Exercise description = Go to the line below that has "Section B Forecasting Techniques", print it and each line after it exactly, and stop after the line that has "The Stanley Cup"; leave out pictures.

Information =
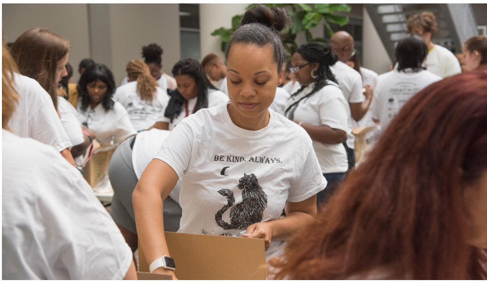
Shipbuilders and family and friends pack kits for survivors of sexual violence.

"The Day of Caring gives us opportunities to volunteer in our community when it is needed most and affords us the chance to strengthen ties in our community. It also allows us to create new friendships and
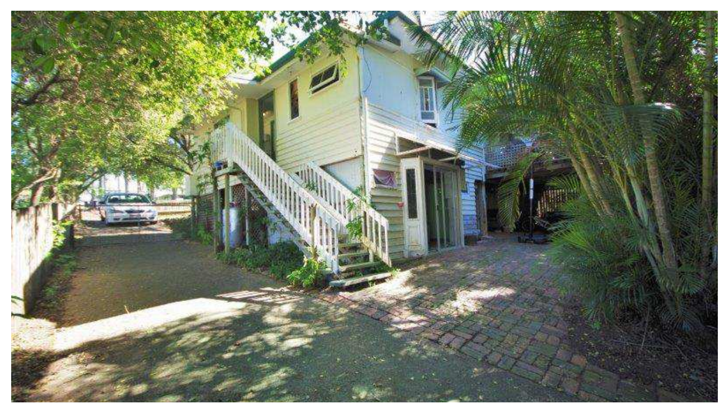
TOWN CENTRAL CHARMING QUEENSLANDER GREAT YARD
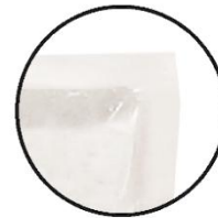
4 Mil Thick Eco-Friendly Plastic With 1/2" Seam
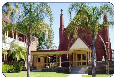
St John the Evangelist Church Dickson Street Lambton Est. 1873
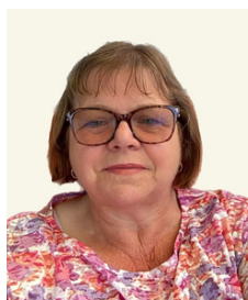
Jill Wardle Public Governor 01/07/2023
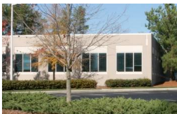
Parata Systems 2600 Meridian Parkway 66,000 sf
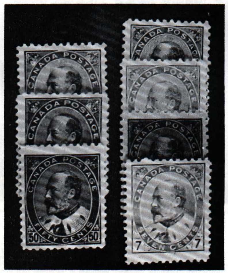
Fig. 1—All values of series, left column top to bottom: 10c, 20c, 50c; right column top to bottom: 1c, 2c, 5c, 7c.

26 where different dies were used to produce the 1c, 2c, and 3c. There are quite minor in difference and not listed in Scott, Holmes, or Gibbons, Die differences are again encountered in the 1930-31 "Maple Leaf" issue on the 1c and 2c values. Then with the last King George V issue we note
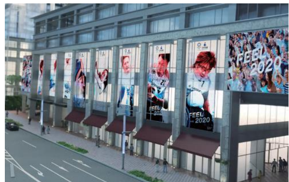
Glass decorations in COREDO Muromachi Terrace along Chuo Dori Street
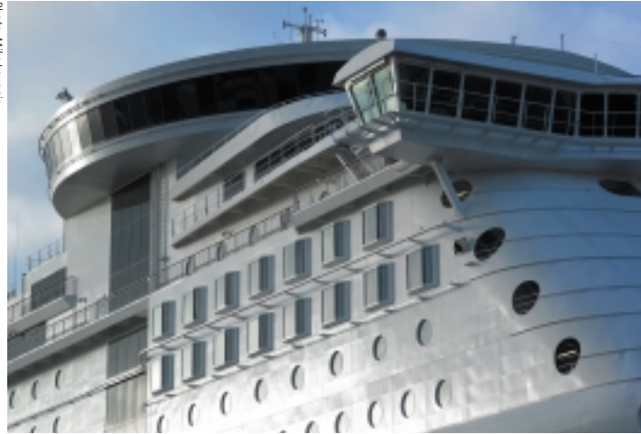
SGG CONTRAFLAM MARINE, FOR MANY APPLICATION POSSIBILITIES.
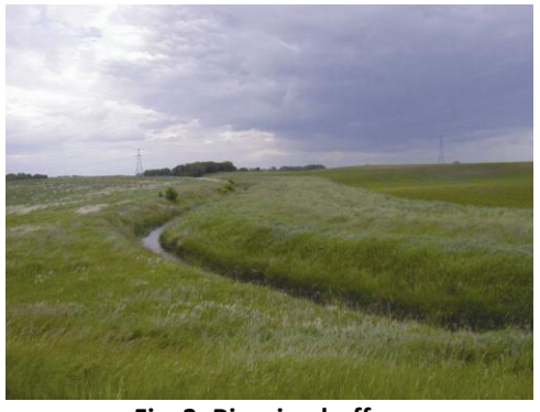
Fig. 3: Riparian buffer
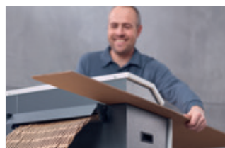
Cutting and bolstering in one work process
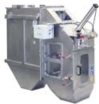
Model 12 Pneumatically Actuated Face Seal Agglomerate Catcher
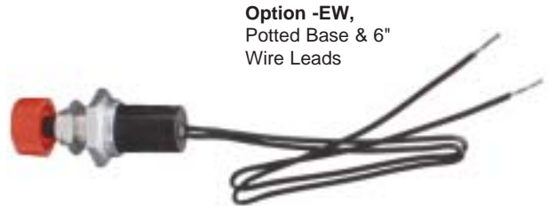
Option -EW, Potted Base & 6" Wire Leads
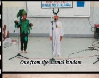
One from the animal kindom
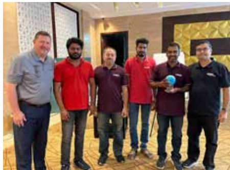
The Global Excellence Award winning team for PUN-M development for global market.
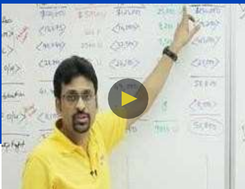
Section B Forecasting Techniques
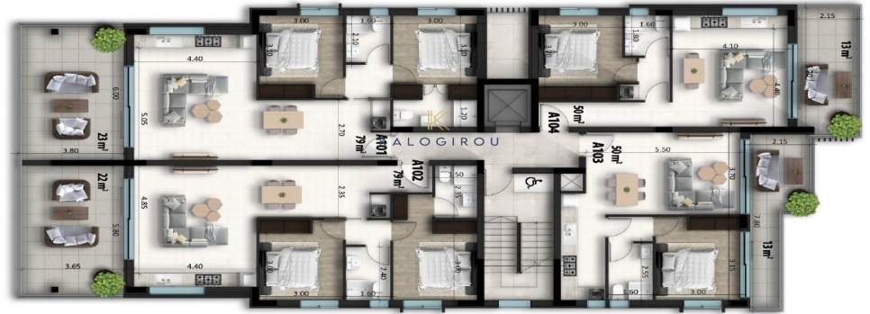
Floor Plan - 1st Floor
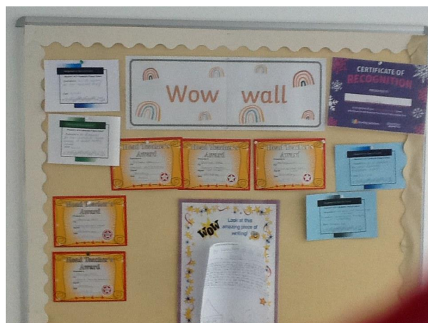
5 - We celebrate success
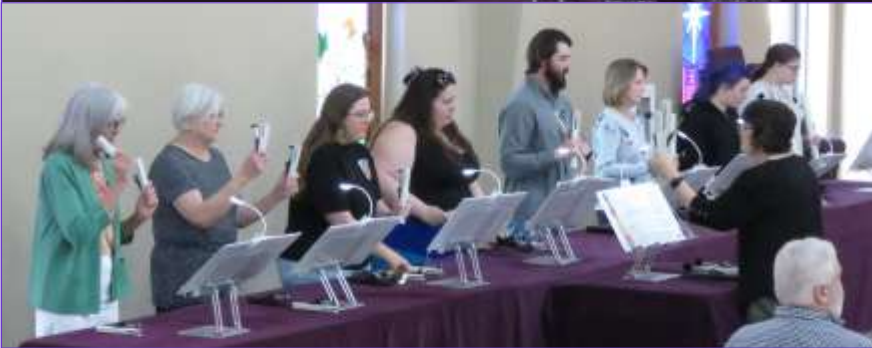
The Bell Choir played "O How I Love Jesus" on bells for prelude on March 15, above, and "Were You There" on the melody chimes for offertory on March 29, at left.
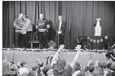
The Stanley Cup in Slave Lake was a major December highlight.

Operation Christmas Cheer was in full flight on Dec. 4. Gifts, decorations and Christmas carolers made its way to trailer courts in Phoenix Heights, Sunset Place and The Point.
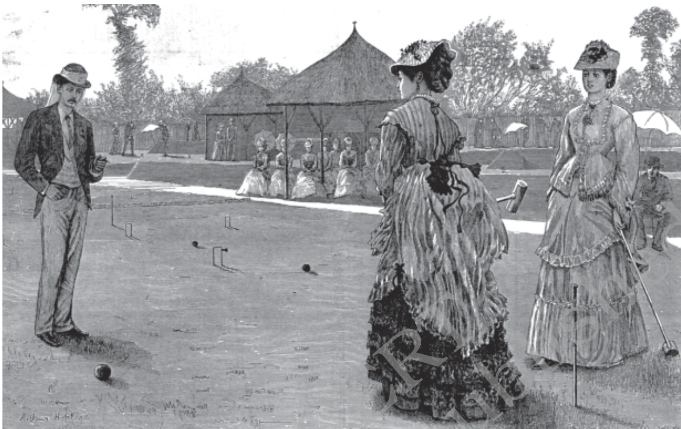
Fig.8 – Croquet, not cricket, for women.

Sports for women was not designed as vigorous, competitive exercise. Croquet was a slow-paced, elegant game considered suitable for women, especially of the upper class. The players' flowing gowns, frills and hats show the character of women's sports. From Illustrated London News, 20 July, 1872.
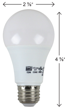
LCE26-9W A19 LED Lamp 9.5 Watt, 3000K, 800lm Replaces up to 60W Incandescent

Easily Convert existing residential fixtures to LED with E26 Medium Base LED Lamps. These lamps are for enclosed fixtures and replace up to 60W incandescent lamps. These are the perfect lamps to help reduce waste and conserve energy.
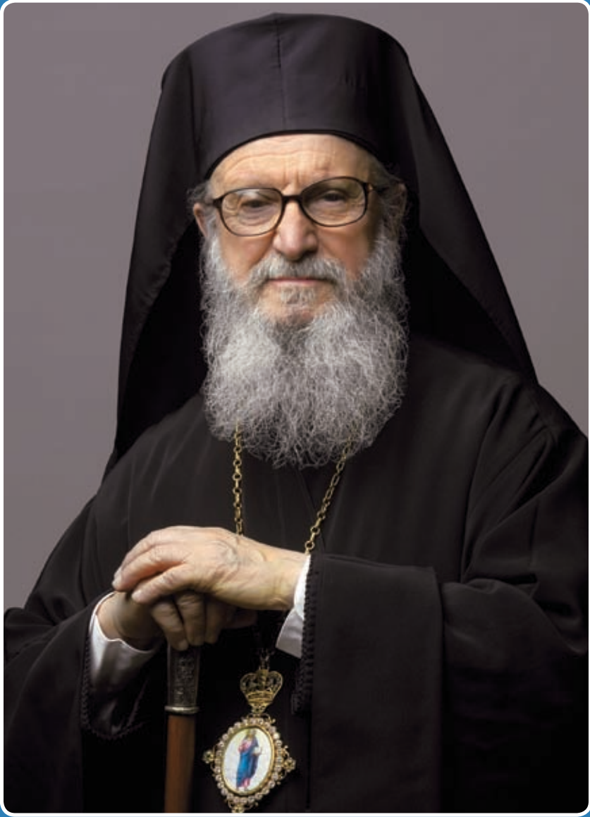
His Eminence Archbishop Demetrios of America
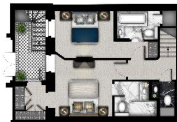
COURT YARD LEVEL
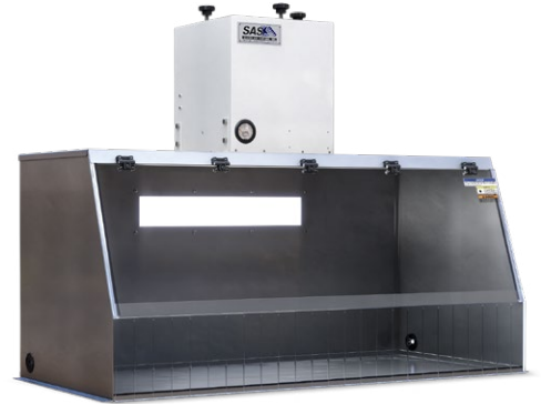
50" Stainless Ductless Fume Hood

Our line of ductless fume hoods is not intended for sterile compounding applications.

Problem solution =
Section B Forecasting Techniques
Floor Plan - 1st Floor
5 - We celebrate success
The Bell Choir played "O How I Love Jesus" on bells for prelude on March 15, above, and "Were You There" on the melody chimes for offertory on March 29, at left.
The Stanley Cup in Slave Lake was a major December highlight.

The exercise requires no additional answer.